Oh, shit, this is real.

“Corporal Hamill,” he says, pinning the Purple Heart medal to my hospital shirt. “I want to thank you for your service on behalf of this nation.” He starts asking me questions: How’s your recovery going? Are you in a lot of pain? Is everyone here treating you well?

I know we give people in positions of power a lot of shit, and I know we don’t agree on politics, but I can tell he is a genuine dude. A normal human being who is shaking my hand and talking to me. It’s an amazing experience, and extremely humbling.

  

The amazing thing our brains do for us is compartmentalize any kind of trauma.

And therein lies the problem: people don’t address PTSD or what psychologists call a moral injury—the feeling of overwhelming shame and guilt, even rage, anger, or betrayal over compromising your moral conscience. If you don’t address these actions and reactions, they come back to haunt you down the road.

I learn all this stuff later. Much, much later.

I get my prosthetic leg one day shy of three months after having my leg blown off. I don’t want to sit in bed. I want to get up and move. I want to recover.

I have great motivation: my wife left me at the hospital. She confessed she did some extramarital shit while I was deployed.

It fills me with such rage and anger that I decide: I’m going to prove her wrong. I’m going to prove everyone wrong. I’m not going to be a statistic. I’m going to succeed in my new post-injury life.

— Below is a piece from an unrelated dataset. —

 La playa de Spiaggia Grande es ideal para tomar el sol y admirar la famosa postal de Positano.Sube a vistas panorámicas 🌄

I do daily physical therapy and then go out and party at night with guys who have come back from deployment—guys who have seen others get killed, maimed, and eviscerated. We don’t talk about any of that. We don’t talk about how we miss being with our unit, with our guys, our problems with wives and girlfriends. We don’t address anything that we’re dealing with, which is why things start to go south for me mentally.

I get medically discharged and find a civilian job in New Jersey working on helicopters.

I get remarried.

The demons from all my deployments start eating away at me day and night. I can’t sleep, and I’m drinking too much. I’m smoking like a chimney. I’m not seeing my kids, and I’m shirking my responsibilities—and it’s all because I’ve been ripped out from the familial structure of the military. And I miss the camaraderie.

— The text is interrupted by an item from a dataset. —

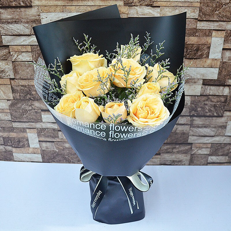 【那年夏天】11朵精品香槟玫瑰,情人草装饰。

From day one in the military, your entire day is regimented. It’s scheduled and structured down to the minute. You have a mission. You go out and get it done. Now I don’t have anyone telling me to do anything. I don’t have anyone keeping me in check.

My second marriage ends.

I find myself sitting outside a marsh by my dad’s house in Atlantic City. I’m sitting in the driver’s seat, holding a pistol.

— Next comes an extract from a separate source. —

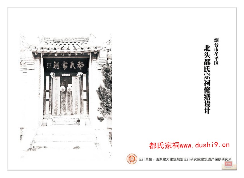 北头都氏宗祠作为山东省文物保护单位,其修缮建设工作需严格的规范和程序,修缮勘验设计和修缮施工必须由具有一定资质的单位完成。为此,烟台都氏家族理事会在国家文化部和山东省文物局等部门协调下,委托山东建筑大学建筑文化遗产保护研究所组织有关力量对都氏宗祠的现状进行实地勘测,历时三个月完成了修缮方案的设计工作。该方案依据文物保护相关法规,坚持“保持原貌、彻底修复”的原则,从根本上消除建筑文物本体安全的各种隐患,恢复宗祠的原有面貌。

I raise it to my head, about to end my life, when for maybe a half second my kids flash through my mind.

What the fuck am I doing?

I start crying.

I disassemble my weapon, take all the bullets out of the magazine, and throw everything out of the car.

I need to address this. I need to get some help.

I get diagnosed with PTSD. I start seeing a therapist full-time and get my head out of my ass. I quit binge drinking and stop smoking, which I’ve been doing since I was thirteen. I learn the importance of exercise and nutrition and taking care of myself. I begin to claw and scrape my way out of my self-loathing. I stop hating myself for everything. I stop blaming myself for my friends dying and every other shitty thing that’s ever happened to me.

I start speaking to other people about my experiences.

Over time, I start to learn to love my fate. Instead of letting it control me, send me into a deep, spiraling depression, I discover a way to turn it around for good—to help others. If I can help one person every day, regardless of how I do it, then that’s a win for me. If I can use my experiences, my story, to help a person every single day, then everything I’ve gone through in my life is worth it.